I already told you once to knock it off. If you don't like the thread, just stay out of it.

Now you have a warning for trolling. Comments to PM. I'm also giving you a reply ban so you don't derail this thread any further.
 
The Ensigns of Command had that awesome B-plot with Picard learning the finer points of diplomacy with the Sheliak. :D

TNG Season 1: "Lonely Among Us"
TNG Season 3: "The Hunted"
TNG Season 3: "A Matter of Perspective"
TNG Season 4: "Remember Me"
TNG Season 4: "Qpid"
TNG Season 4: "Redemption" (Part I)
TNG Season 5: "Silicon Avatar"
TNG Season 5: "Unification II"
TNG Season 5: "The Perfect Mate"
TNG Season 6: "Realm of Fear"
TNG Season 6: "Aquiel"
TNG Season 6: "Suspicions"
TNG Season 7: "Liaisons"
TNG Season 7: "Eye of the Beholder"
TNG Season 7: "Emergence"
DS9 Season 1: "Dramatis Personae"
DS9 Season 3: "Equilibrium"
DS9 Season 3: "Facets"
VOY Season 2: "Cold Fire"
VOY Season 2: "Lifesigns"
VOY Season 2: "Tuvix"
VOY Season 3: "False Profits"
VOY Season 3: "Future's End, Part II"
VOY Season 5: "Bliss"
VOY Season 5: "Dark Frontier" (Part I)
 
The galaxy is a big empty place... you may have thought that the distance to the chemist's was big, but that's peanuts, right? But it's outer space. It's cold outside. There's no kind of atmosphere. I'm all alone...

...more or less.

TNG Season 1: "Lonely Among Us"

This plot shares similarities with "The Naked Now" in that crewmembers are made to act differently after being exposed to some unknown. This time, the unknown is a critter that lives in a nebula. A critter that is an energy-based life form. This is admittedly a cool idea...

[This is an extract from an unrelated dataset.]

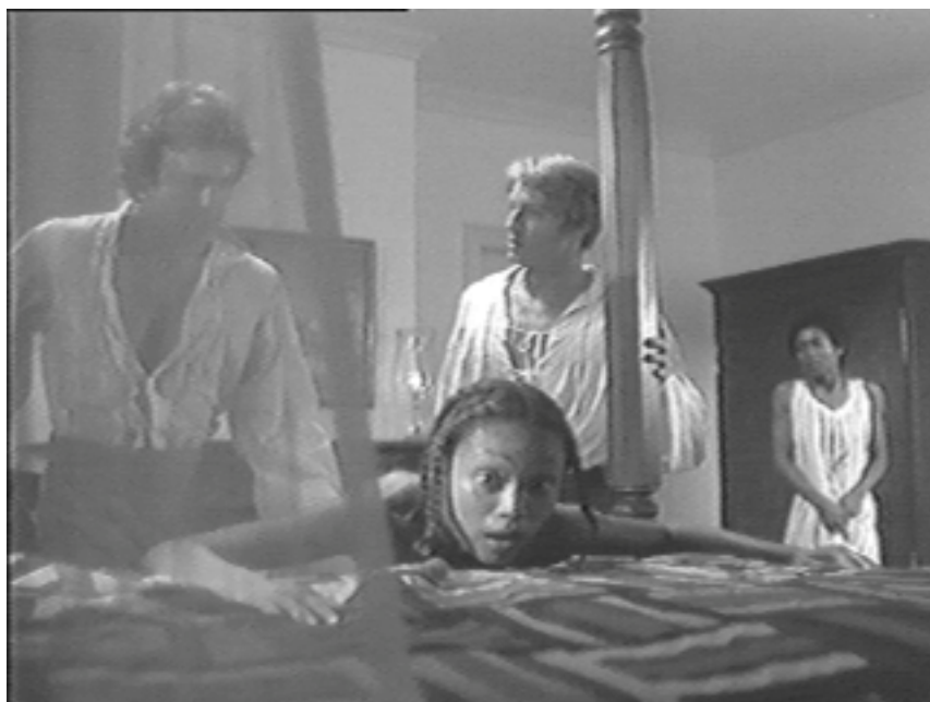
Fig. 2. The young wench beaten by her master. Video frame enlargement.

her body is sanctioned for rape, a very young wench demonstrates that she understands her lot. Her master hands her off, gives her like a pillow to Hammond's cousin, who happily claims his entitlement to violate her. Despite her seeming passivity to the ritual sexual assault, the scene is shot to prioritize the violence of the experience. Her eyes widen to the agony of his spanking. No matter how accustomed she may be, the pain continues to be shocking. While she may seem to accept her slavery, her facial expressions and bodily convulsions show the forcible violence and demeaning subjugation meant in these acts. The master demands her complicity in order to secure his pleasure in the need for her to say she likes it. Within this moment, she defends herself by making any semblance of her self and her experience unavailable to him. He shoves her to the bed, turns her over on her stomach, undoes his belt and whips her fiercely for her refusal. By assaulting her body, he forces her into a conscious acknowledgment of his mastery. She registers total contradiction through bodily, and not so much verbal, speech. The shot shows the drama of the wench's rape: a close-up of her pain in the foreground, and looming behind

...especially when it speaks after having taken over Picard. The dialogue combined with Stewart really sell the emotion behind the energy critter's point of view and it's astounding.

The fact the crew are changed one at a time and not simultaneously helps a lot.

How Picard is saved is borderline hokey, with a big letter "P", but there's still a certain charm.

First, a side-note: As usual, Cliff Bole's direction adds a lot to this episode. It's easy to see why he, like others, are in 80s/90s-Trek top tier list. I can't think of a bad director as such, and it's about personal taste for any of us, but his style I appreciated a lot.

Back to the plot: The Anticans were well-realized. The Selay do sound great (complete with hissssssss on the 'S' sounds) but (to me) they don't quite look right. Maybe it's the lack of animatronics? Or expectation, perhaps. For the time, they are still very decent, and the costuming outside of the masks were impeccably out-of-the-ballpark great. Their subplot was kept light for a reason; it's revealed an Antican ate one of the Selay - which probably means their attempts to get into the Federation probably didn't work out - could easily have been taken too far for censors to digest.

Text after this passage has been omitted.